▸ WHAT THE EXERCISE ASKS
Reproduce verbatim the lines of the material below, starting at the line with "THE BEATLES next" and ending at the line with "Lenkeillä tutustuttiin Nopolan", both inclusive; skip the rest.

(SUPPLIED DATA)

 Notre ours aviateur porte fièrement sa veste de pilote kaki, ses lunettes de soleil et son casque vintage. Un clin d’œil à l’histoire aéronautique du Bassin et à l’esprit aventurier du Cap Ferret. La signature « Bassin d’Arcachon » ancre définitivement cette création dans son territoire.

(End SUPPLIED DATA)
(SUPPLIED DATA)

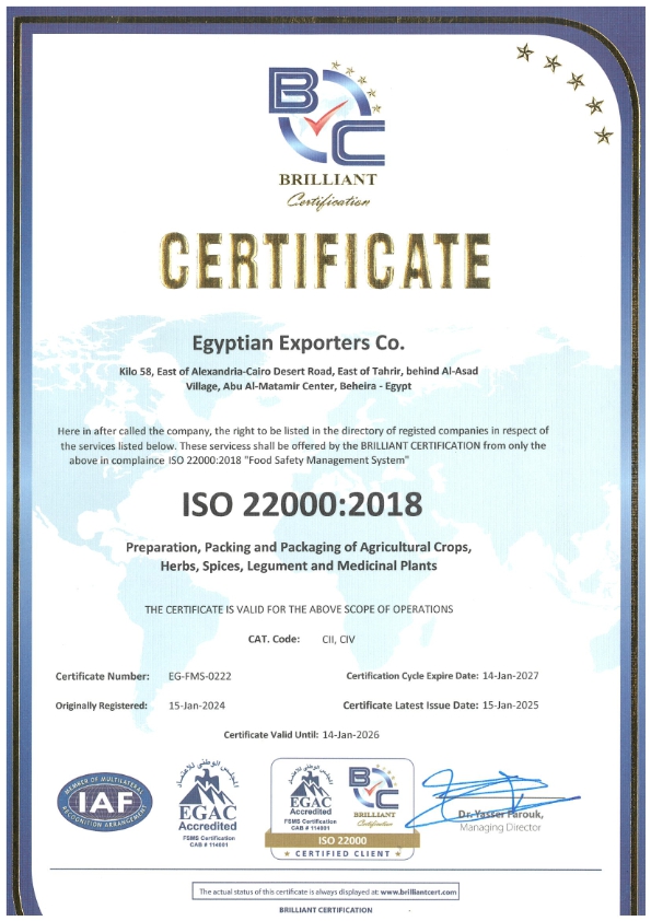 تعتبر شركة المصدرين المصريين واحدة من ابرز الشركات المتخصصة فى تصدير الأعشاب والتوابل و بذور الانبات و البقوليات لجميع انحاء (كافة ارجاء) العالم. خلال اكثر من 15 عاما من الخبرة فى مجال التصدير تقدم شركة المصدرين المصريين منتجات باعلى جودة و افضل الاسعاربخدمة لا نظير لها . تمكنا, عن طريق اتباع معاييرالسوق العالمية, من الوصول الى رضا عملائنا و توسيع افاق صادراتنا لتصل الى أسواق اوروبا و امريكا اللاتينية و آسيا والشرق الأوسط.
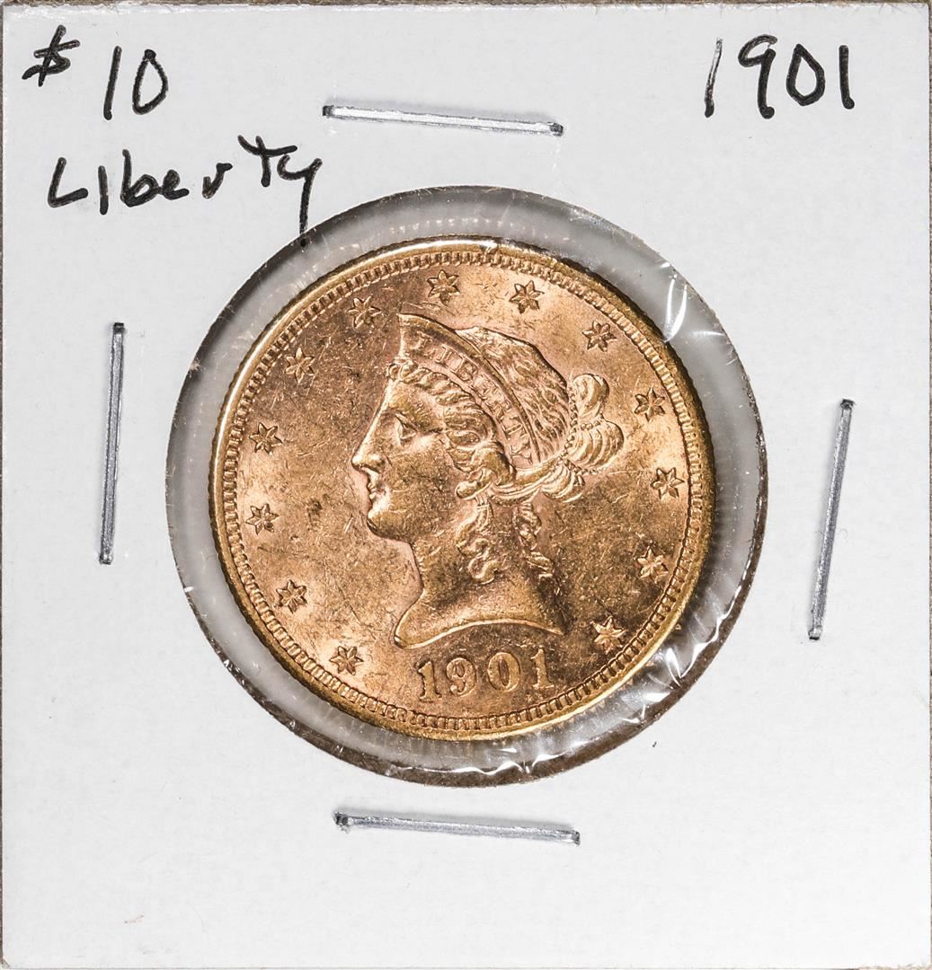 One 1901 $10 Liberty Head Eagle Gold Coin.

(End SUPPLIED DATA)
(SUPPLIED DATA)

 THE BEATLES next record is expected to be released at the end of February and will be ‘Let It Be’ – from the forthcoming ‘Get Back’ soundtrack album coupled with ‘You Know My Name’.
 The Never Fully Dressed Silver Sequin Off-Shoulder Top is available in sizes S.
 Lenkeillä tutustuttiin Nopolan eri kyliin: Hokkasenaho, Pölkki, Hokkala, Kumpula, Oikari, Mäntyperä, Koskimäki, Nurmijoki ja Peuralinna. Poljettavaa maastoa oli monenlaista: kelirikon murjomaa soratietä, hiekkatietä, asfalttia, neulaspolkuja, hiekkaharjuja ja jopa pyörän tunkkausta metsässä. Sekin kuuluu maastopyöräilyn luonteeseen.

(End SUPPLIED DATA)

▸ SOLVED PROBLEM
 THE BEATLES next record is expected to be released at the end of February and will be ‘Let It Be’ – from the forthcoming ‘Get Back’ soundtrack album coupled with ‘You Know My Name’.
 The Never Fully Dressed Silver Sequin Off-Shoulder Top is available in sizes S.
 Lenkeillä tutustuttiin Nopolan eri kyliin: Hokkasenaho, Pölkki, Hokkala, Kumpula, Oikari, Mäntyperä, Koskimäki, Nurmijoki ja Peuralinna. Poljettavaa maastoa oli monenlaista: kelirikon murjomaa soratietä, hiekkatietä, asfalttia, neulaspolkuja, hiekkaharjuja ja jopa pyörän tunkkausta metsässä. Sekin kuuluu maastopyöräilyn luonteeseen.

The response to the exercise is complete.